Supreme Court - Digested Index

2 March 2018

Administrative Law

Medicaid reimbursements—class action—failure to exhaust administrative remedies or demonstrate futility—Where plaintiff medical practices sued the N.C. Department of Health and Human Services (DHHS) and the company that designed DHHS's software system for managing Medicaid reimbursements, alleging that they had not received reimbursement for Medicaid claims, the trial court correctly concluded that plaintiffs had failed to exhaust their administrative remedies and to demonstrate that available administrative remedies were inadequate. After receiving Remittance Statements indicating adverse determinations on Medicaid reimbursement claims, the providers failed to request a reconsideration review or to file a petition for a contested case, instead bypassing administrative procedures and filing a class action complaint in the trial court. In view of the inadequacy of notice, plaintiffs were still entitled to exhaust their available administrative remedies. Abrons Fam. Prac. & Urgent Care, PA v. N.C. Dep't of Health & Hum. Servs., 370 N.C. 443 (2018)

Appeal and Error

Preservation of issues—exclusion of testimony—not properly preserved—An argument by the Department of Transportation (DOT) that defendants did not properly preserve for appellate review the exclusion of a realtor's fair market value testimony was not properly before the N.C. Supreme Court. DOT's response to defendants' petition for discretionary review did not state any additional issues that DOT sought to present. Even so, defendants' offer of proof regarding the testimony was apparently sufficient to preserve the issue, regardless of whether defendants tried to call the witness to testify about fair market value at trial. N.C. Dep't of Transp. v. Mission Battleground Park, DST, 370 N.C. 477 (2018)

Constitutional Law

Law of the Land clause—job promotion—no property interest—The trial court did not err by granting the City's motion to dismiss a police officer's Article I, Section 19 claim. There is no authority recognizing a property interest in a job promotion, and the police officer conceded in his brief that no such property interest existed. Tully v. City of Wilmington, 370 N.C. 527 (2018)
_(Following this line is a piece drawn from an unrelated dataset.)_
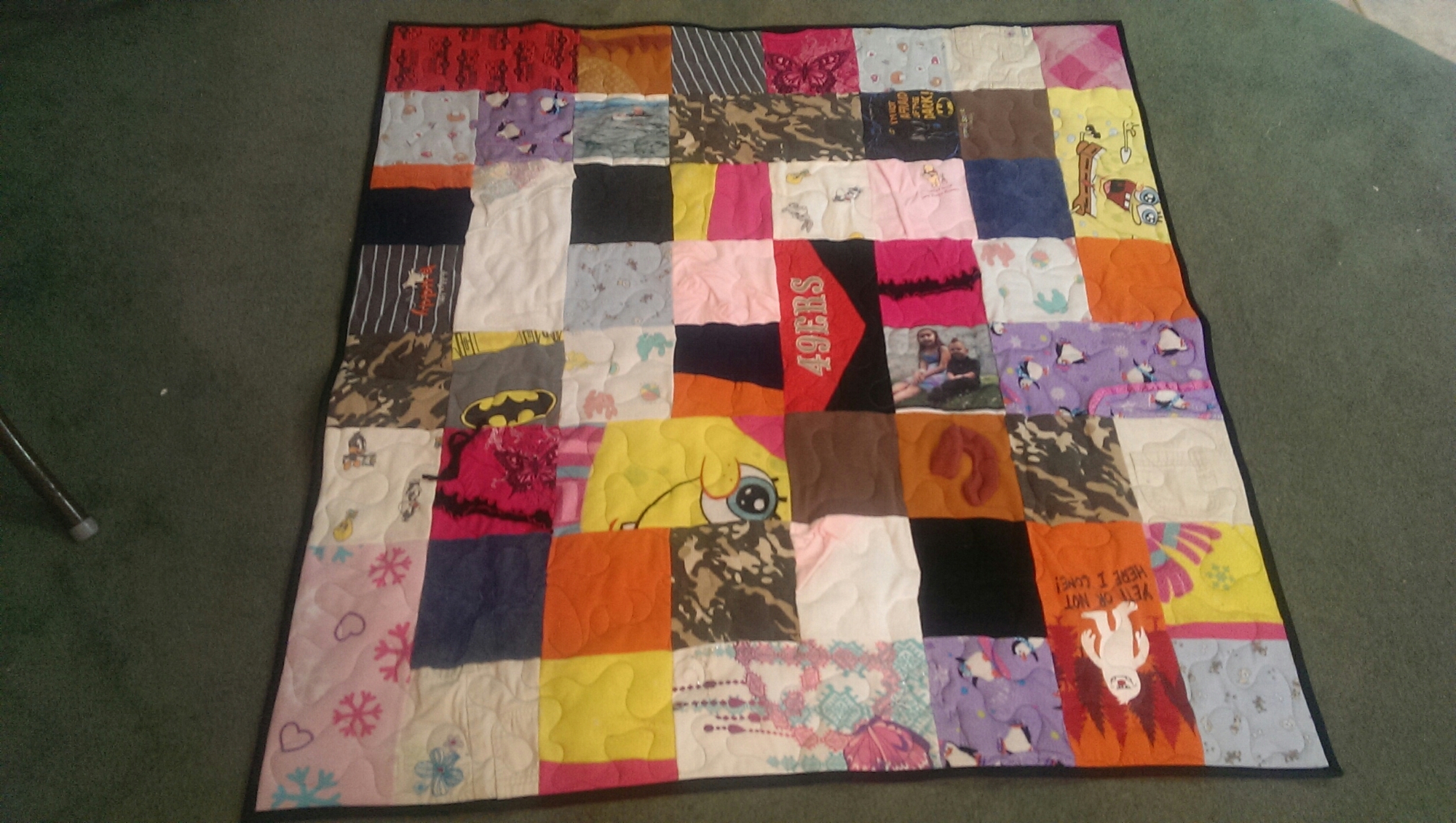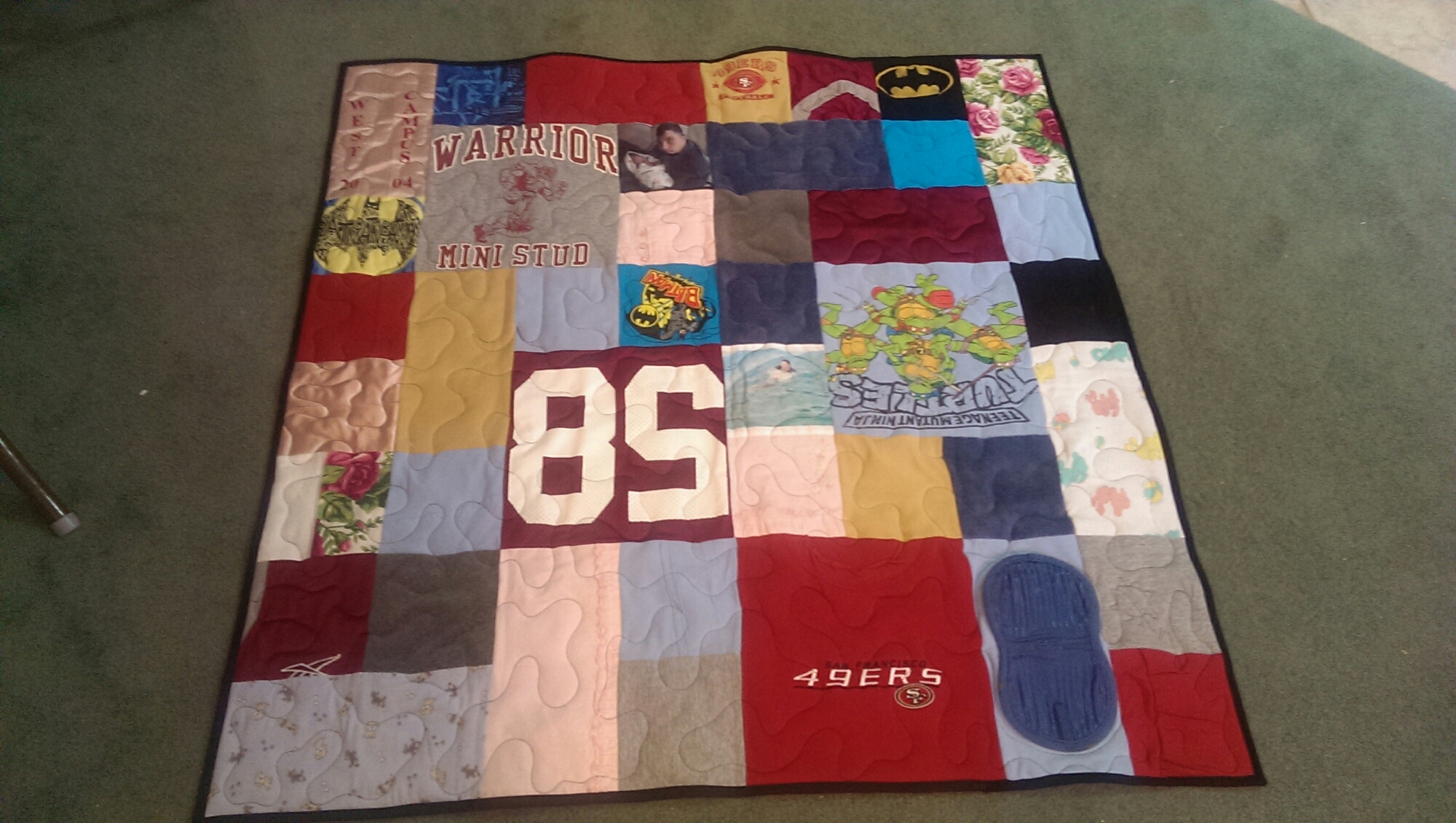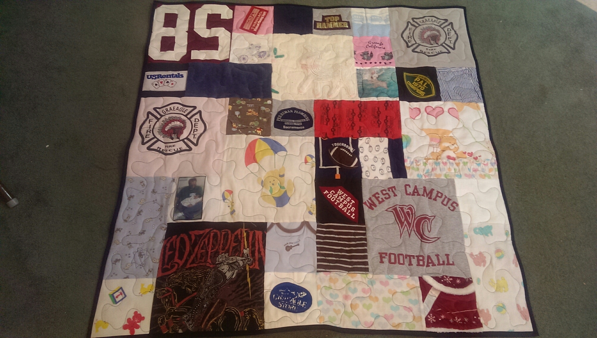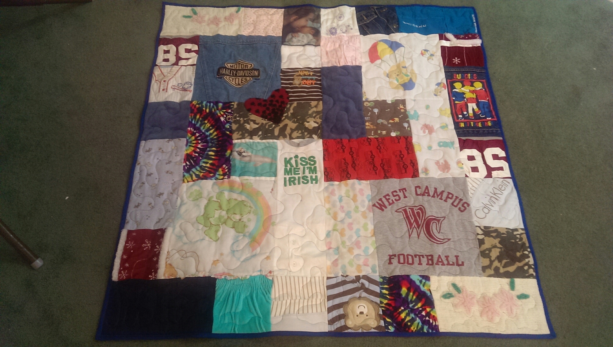 What started out as multiple clothing stuffed bags, a few instructions, emailed photos to be printed on paper and a deposit, finished in 6 48″ square memory quilts. And all done in time for Christmas, with a week to spare.

North Carolina—employer violation of own policy—refusal to consider appeal—exam required for promotion—police officer—The trial court erred by dismissing plaintiff police officer's constitutional claim arising under Article I, Section 1. A police officer states a claim under the North Carolina Constitution against his employer when that employer violates its own policy by refusing to consider his appeal regarding the validity of an examination required for a promotion. Tully v. City of Wilmington, 370 N.C. 527 (2018)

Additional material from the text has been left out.